Qualitative data is defined as information that can be observed and recorded, but which cannot be quantified or measured. This type of data is often used in fields such as sociology, psychology, and anthropology, where researchers are interested in understanding human behavior. In the text analytics industry, qualitative data is often used to understand the sentiment of a customer or to identify the topics that are most important to them.
Qualitative data is often contrasted with quantitative data, which is information that can be quantified or measured. Quantitative data is often used in fields such as business, economics, and engineering, where researchers are interested in understanding trends and relationships between variables. In the text analytics industry, quantitative data is often used to measure the frequency of certain words or phrases or to calculate overall sentiment scores.
So while qualitative and quantitative data both play important roles in text analytics, they are used for different purposes. Qualitative data helps us understand the why behind customer behavior, while quantitative data helps us understand the what and how.
Systematic Approach to Qualitative research
There are a number of different approaches to qualitative research, but all share a common goal: to understand human behavior.

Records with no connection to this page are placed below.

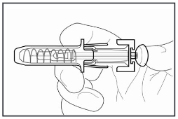 Hold sprøyten med spissen pekende oppover. Fjern beskyttelsesdekselet fra sprøyten. Sprøyten er nå klar til bruk. Det kan være en liten luftboble i sprøyten. Du behøver ikke å fjerne luftboblen før injeksjon. Injeksjon av en oppløsning med en luftboble er ufarlig.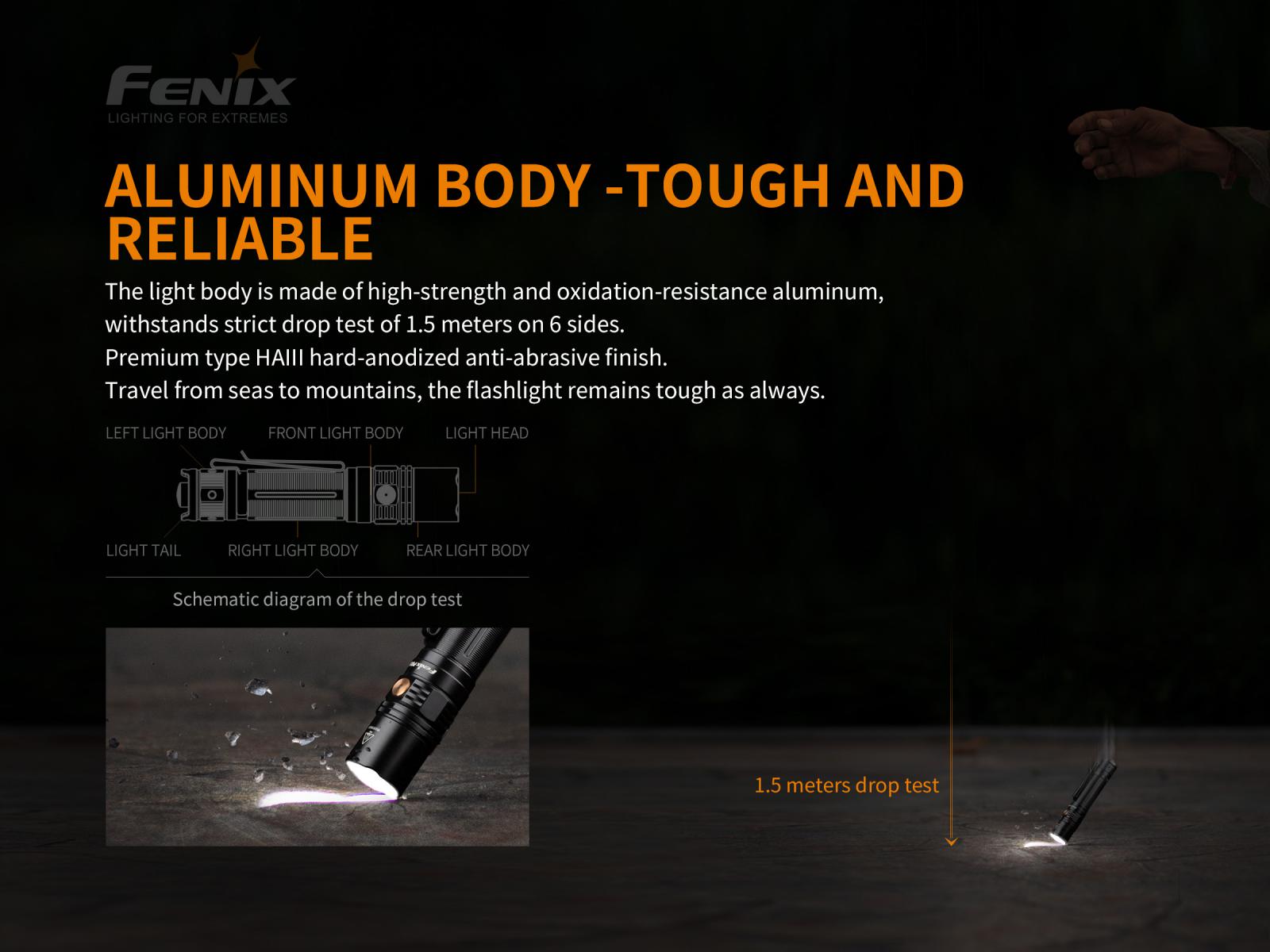 Svietidlo je napájané digitálne regulovaným konštantným prúdom pre zaručenie stáleho svetelného výkonu i pri znižovaní napätia v batériach (pri ich pozvoľnom vybíjaní). Naviac je svietidlo vybavené indikáciou stavu nabitia batérii v bočnom tlačidle. Svietidlo Fenix PD36R zaujme nielen kompaktnými rozmermi ale aj naozaj vysokým svetelným výkonom. Môžeme ho preto odporučiť aj pre použitie v bezpečnostných zložkách, pre poľovníctvo a ďalšie náročné aktivity.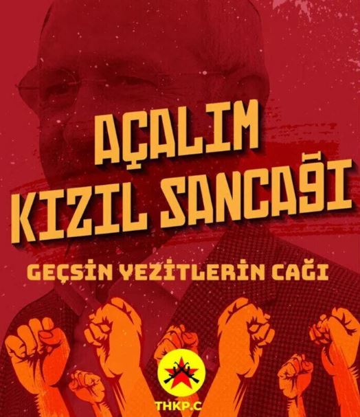 Millet İttifakı'nın adayı CHP Genel Başkanı Kemal Kılıçdaroğlu'nun seçim kampanyasındaki "Açalım kızıl sancağı geçsin yezitlerin çağı" sloganını afiş haline getiren terör örgütü THKP-C, Kılıçdaroğlu'nun Alevi kimliğine dikkat çekerek oy çağrısı yaptı.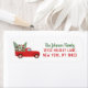 Cute illustration of three dogs riding in the back of a little red pickup truck with Christmas trees.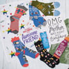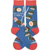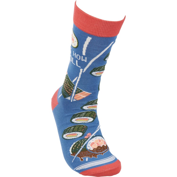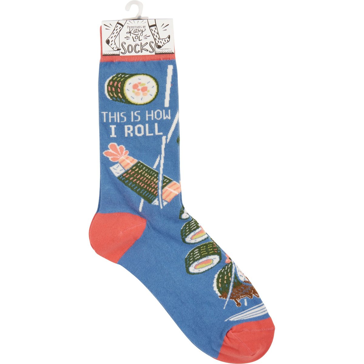A pair of colorful woven socks from our LOL Made You Smile Collection displaying hand illustrated designs of sushi and chopsticks with "This Is How I Roll" sentiment. Socks feature a one size fits most design made with cotton, nylon, and spandex. Our This Is How I Roll socks come with a header card and a clear plastic hanger for display. A fun everyday accessory perfect for self-expression or gifting on any occasion.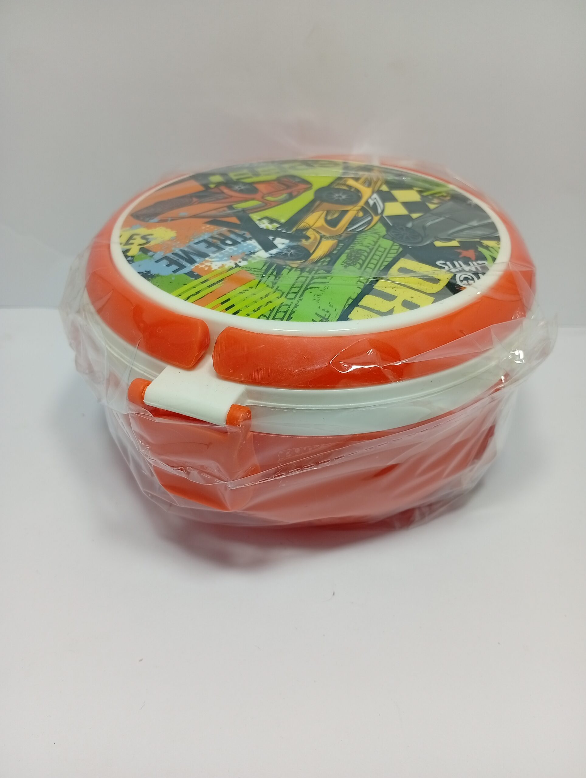 Buy Kids Car Design Lunch Box for School. Durable plastic, tight lock & attractive racing car theme. Best school lunch box for boys. Order now!

The most common approach is called ethnography, which involves observing and recording people’s behavior in naturalistic settings. Other approaches include case study research, grounded theory, and phenomenology.
Qualitative data can be collected in a number of different ways, including interviews, focus groups, observation, and document analysis. Researchers often use multiple methods to collect data, as this can help them to triangulate their findings and get a more complete picture of the phenomenon under study.

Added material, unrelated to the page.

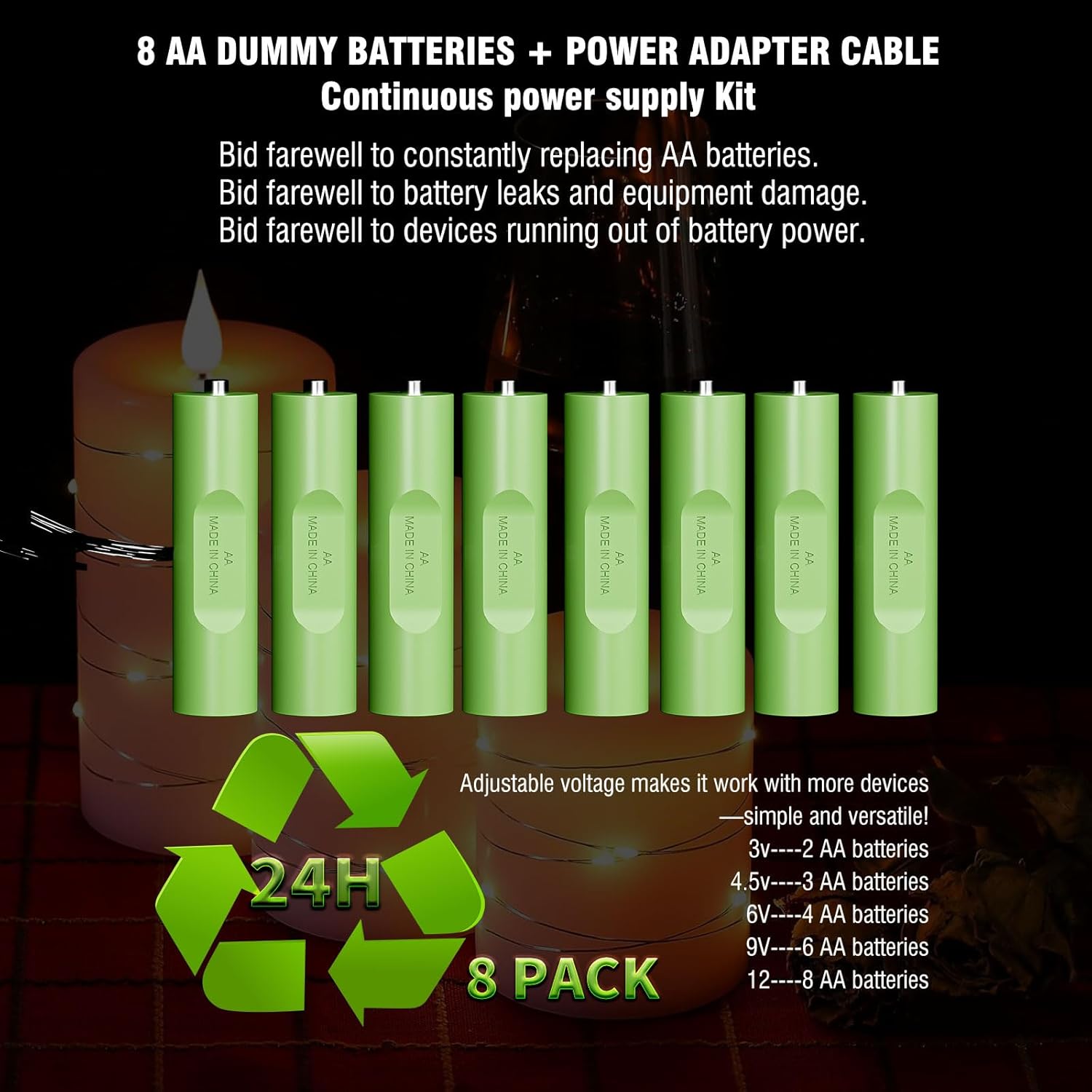 | BuiltIn Media | 7*AA dummy battery,1*AA dummy battery with flat cable,1*12W 3V 4.5V 5V 6V 7.5V 9V 12V Adjustable Voltage Universal AC Adapter Power Supply |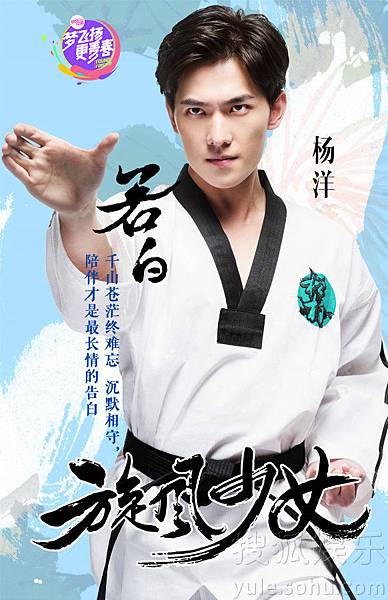 最近中國有一齣青春校園小清新連續劇,叫做「旋風少女」,講的是元武道(就是跆拳道)的故事,故事裡面的女主角戚百草是一個很平凡的女生(就是很蠢又沒腦意思),卻因為認真的態度吸引了劇裡面男一、男二和男生的心,很拔剌的劇情。

Qualitative data is usually analyzed using methods such as content analysis or thematic analysis. These methods involve breaking down the data into smaller pieces (codes) and then looking for patterns and themes.
Qualitative data can be very helpful in understanding customer behavior. However, it is important to remember that qualitative data is subjective and can be open to interpretation. Therefore, it is important to use qualitative data alongside other forms of data, such as quantitative data, to get a more complete picture of customer behavior.